Home /
Daerah
News
Pengelolaan BUMDes Jrengik Sampang Disorot: PJ Kades dan Perangkat Desa Bungkam, Warga Desak Audit
Pengelolaan BUMDes Jrengik Sampang Disorot: PJ Kades dan Perangkat Desa Bungkam, Warga Desak Audit
kompas jurnal news
Saturday, December 27, 2025, December 27, 2025 WIB
Last Updated
2025-12-27T14:58:06Z
Sampang Sabtu, 27 Desember 2025. Kompas Jurnal — Keberadaan serta pengelolaan Badan Usaha Milik Desa (BUMDes) Desa Jrengik, Kecamatan Jrengik, Kabupaten Sampang, kini menjadi sorotan publik. Minimnya informasi yang diberikan pihak pemerintah desa menimbulkan tanda tanya besar di tengah masyarakat.
Tim penyelidikan berupaya memberikan klarifikasi kepada Pejabat (PJ) Kepala Desa Jrengik terkait pengelolaan dana dan aktivitas BUMDes. Namun hingga berita ini diturunkan, PJ Desa Jrengik melaporkan sulit ditemui maupun dihubungi, sehingga proses konfirmasi tidak membuahkan hasil.
Upaya serupa juga dilakukan pada salah satu perangkat Desa Jrengik bernama Yanto. Sayangnya, yang bersangkutan enggan memberikan keterangan terkait dana maupun kegiatan BUMDes. Sikap tertutup tersebut semakin memicu spekulasi dan keresahan di kalangan masyarakat.
Sikap bungkam aparatur desa ini dinilai sangat memalukan.
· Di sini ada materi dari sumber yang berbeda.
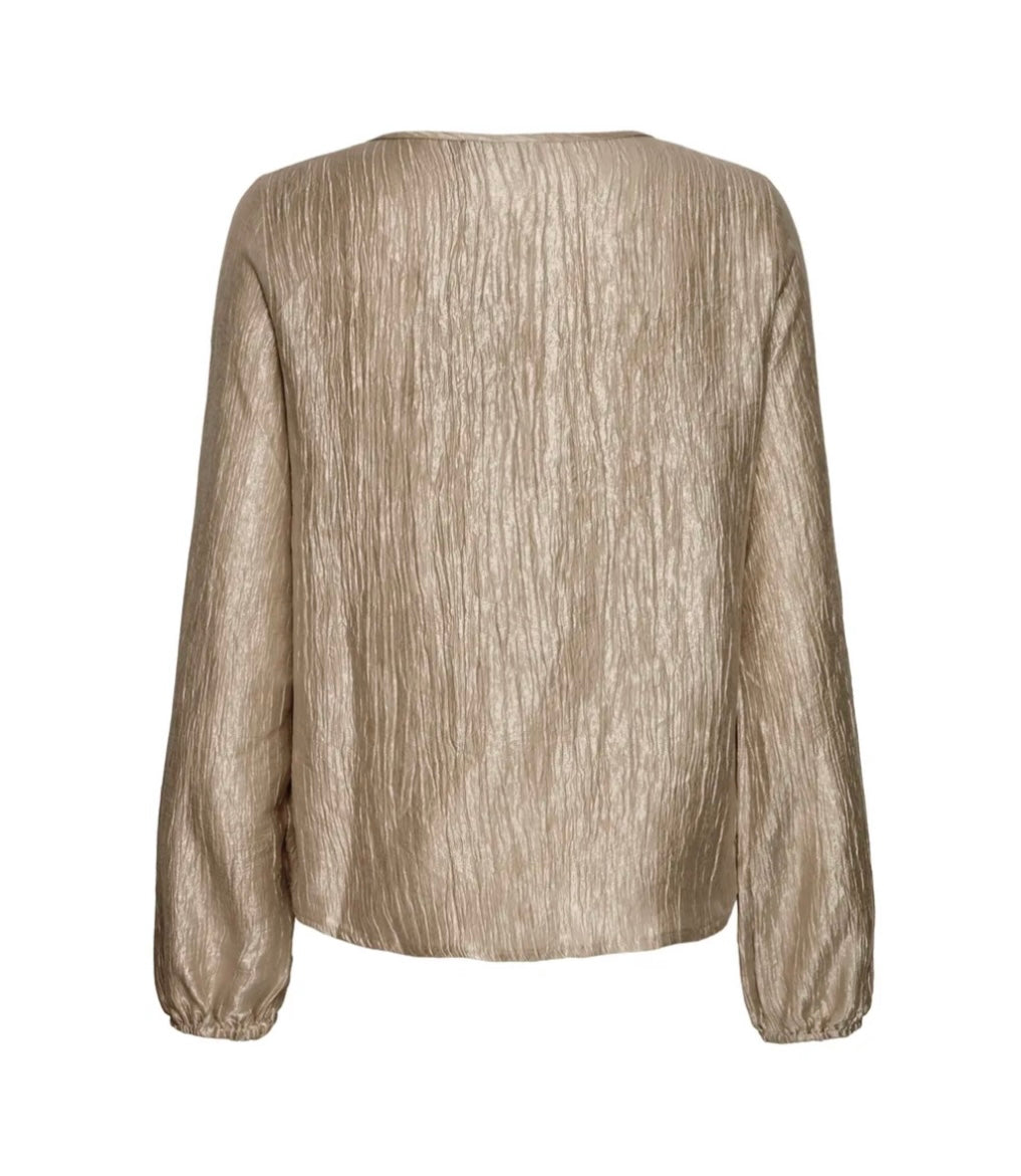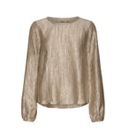 Blusen har en avslappet passform med rund hals og lange ermer med strikk i kanten, som gir en feminin ballongeffekt. Den skimrende gullfinishen gir antrekket ditt et løft – enten du styler den til bukser, skjørt eller jeans.

Sebagai penyelenggara pemerintahan desa sekaligus pelayan publik, seharusnya pihak desa menjunjung tinggi transparansi dan akuntabilitas, khususnya dalam prinsip pengelolaan dana desa dan unit usaha BUMDes yang bersumber dari uang negara.
Kondisi ini menimbulkan berbagai pertanyaan mendasar, mulai dari penggunaan dana BUMDes, jenis usaha yang dijalankan, hingga alasan tidak adanya keterbukaan informasi kepada publik.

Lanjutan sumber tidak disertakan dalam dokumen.